Please restate the listing word for word, omitting the images.

======== EXERCISE DATA ========

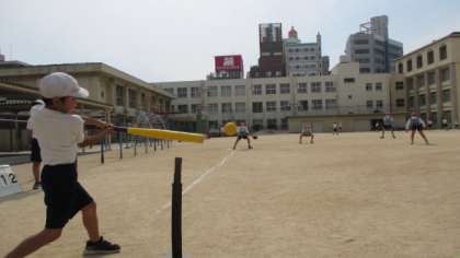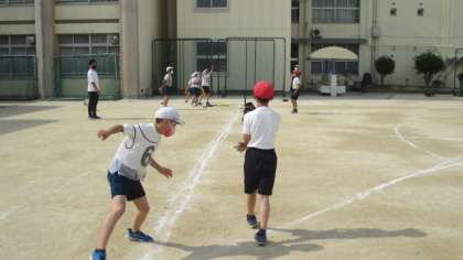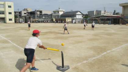 運動場に2面作ってTボールをしました。置いてあるボールを打つのはとても難しいです。守備は、打った瞬間の一歩目が大切!と、プロ野球選手のように俊敏な動きができる子がいました。
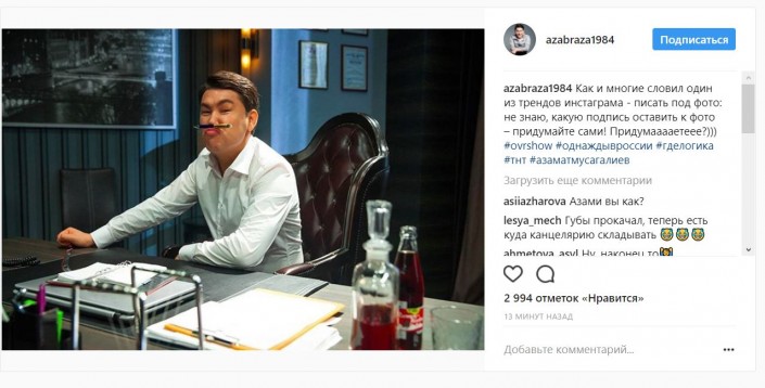 "Как и многие словил один из трендов инстаграма - писать под фото: не знаю, какую подпись оставить к фото – придумайте сами! Придумааааетеее?)))", - подписал фотографию Азамат Мусагалиев (орфография и пунктуация сохранены).
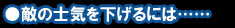 "集団戦"をゲームとして再現している本作でも,"士気の要素"というものが戦闘の結果に重大な影響を及ぼす。士気が下がった兵士達は勝手に戦場から逃げ出し,統率が取れなくなる。敵の士気を崩壊させることができれば,即ちそれが勝利へと繋がっていくわけだ。 このセクションでは,アメコンにおける士気について簡単に解説していく。ただし,システム面・数値面の細かい説明は割愛して,「要するに何をすればいいのか」に絞って解説していきたいと思う。手始めに,どうすれば士気を上げる/下げることができるのか? そこから説明していこう。 ![]()
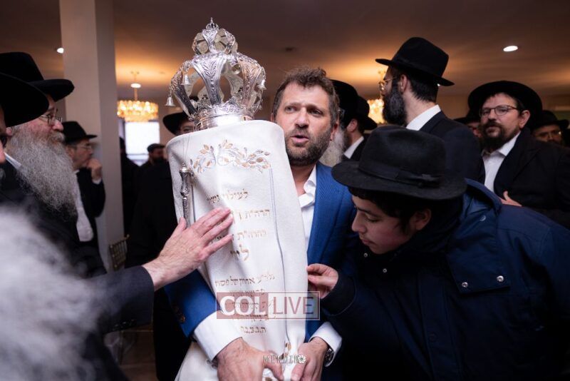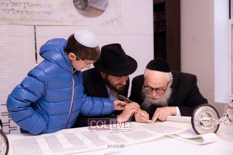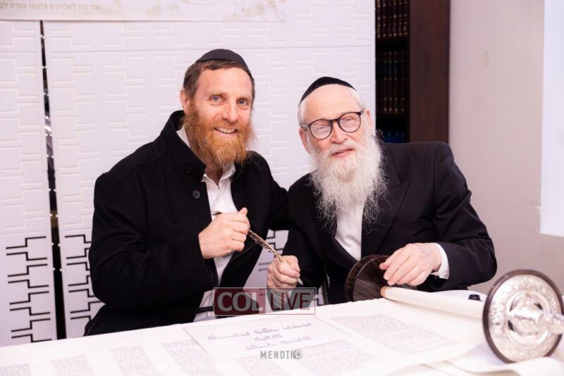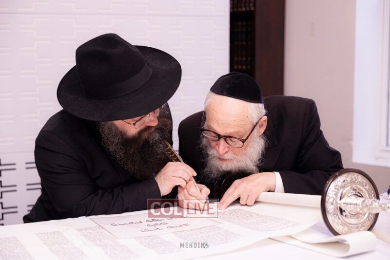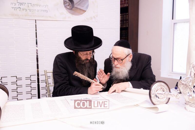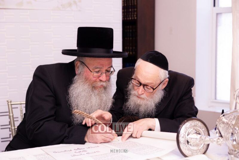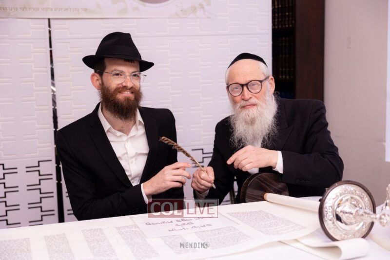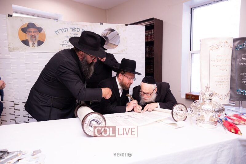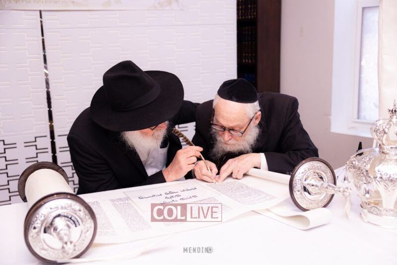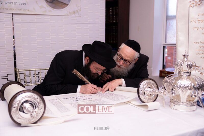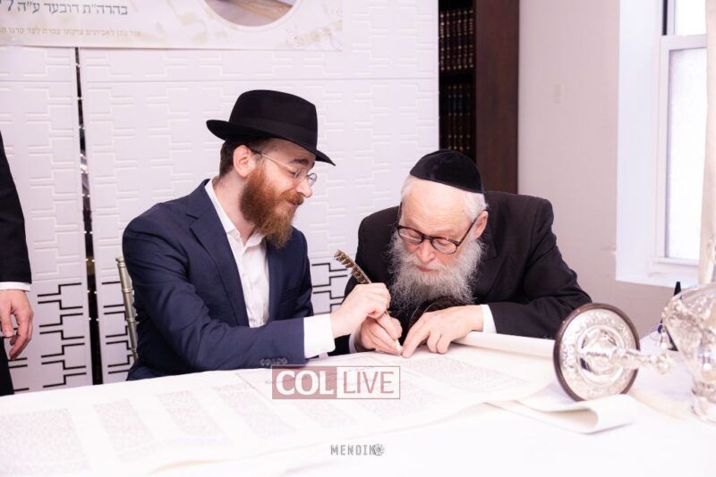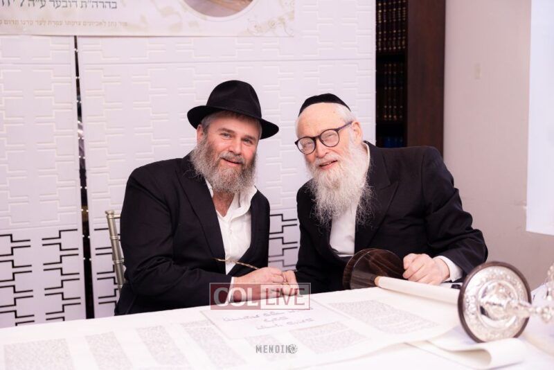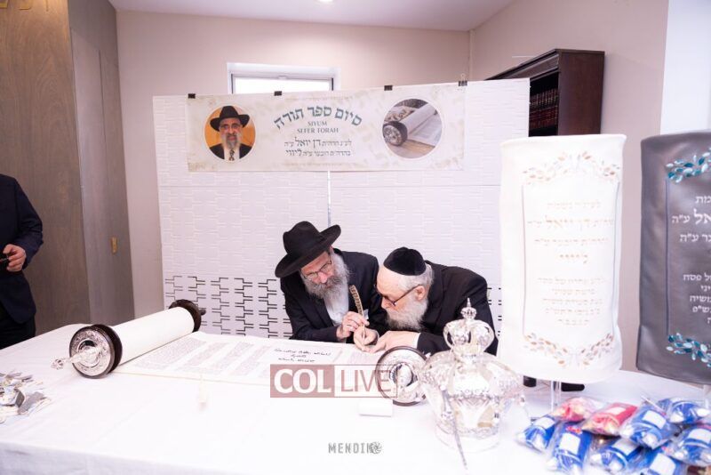 After the completion of the letters, the Sefer Torah was danced through the streets from Ulam Chana to Beis Eliezer Yitzchok Shul. Lively hakafos in the shul and seudah followed the procession.

========

SOLUTION BELOW:
 運動場に2面作ってTボールをしました。置いてあるボールを打つのはとても難しいです。守備は、打った瞬間の一歩目が大切!と、プロ野球選手のように俊敏な動きができる子がいました。
 "Как и многие словил один из трендов инстаграма - писать под фото: не знаю, какую подпись оставить к фото – придумайте сами! Придумааааетеее?)))", - подписал фотографию Азамат Мусагалиев (орфография и пунктуация сохранены).
 "集団戦"をゲームとして再現している本作でも,"士気の要素"というものが戦闘の結果に重大な影響を及ぼす。士気が下がった兵士達は勝手に戦場から逃げ出し,統率が取れなくなる。敵の士気を崩壊させることができれば,即ちそれが勝利へと繋がっていくわけだ。 このセクションでは,アメコンにおける士気について簡単に解説していく。ただし,システム面・数値面の細かい説明は割愛して,「要するに何をすればいいのか」に絞って解説していきたいと思う。手始めに,どうすれば士気を上げる/下げることができるのか? そこから説明していこう。 ![]()
 After the completion of the letters, the Sefer Torah was danced through the streets from Ulam Chana to Beis Eliezer Yitzchok Shul. Lively hakafos in the shul and seudah followed the procession.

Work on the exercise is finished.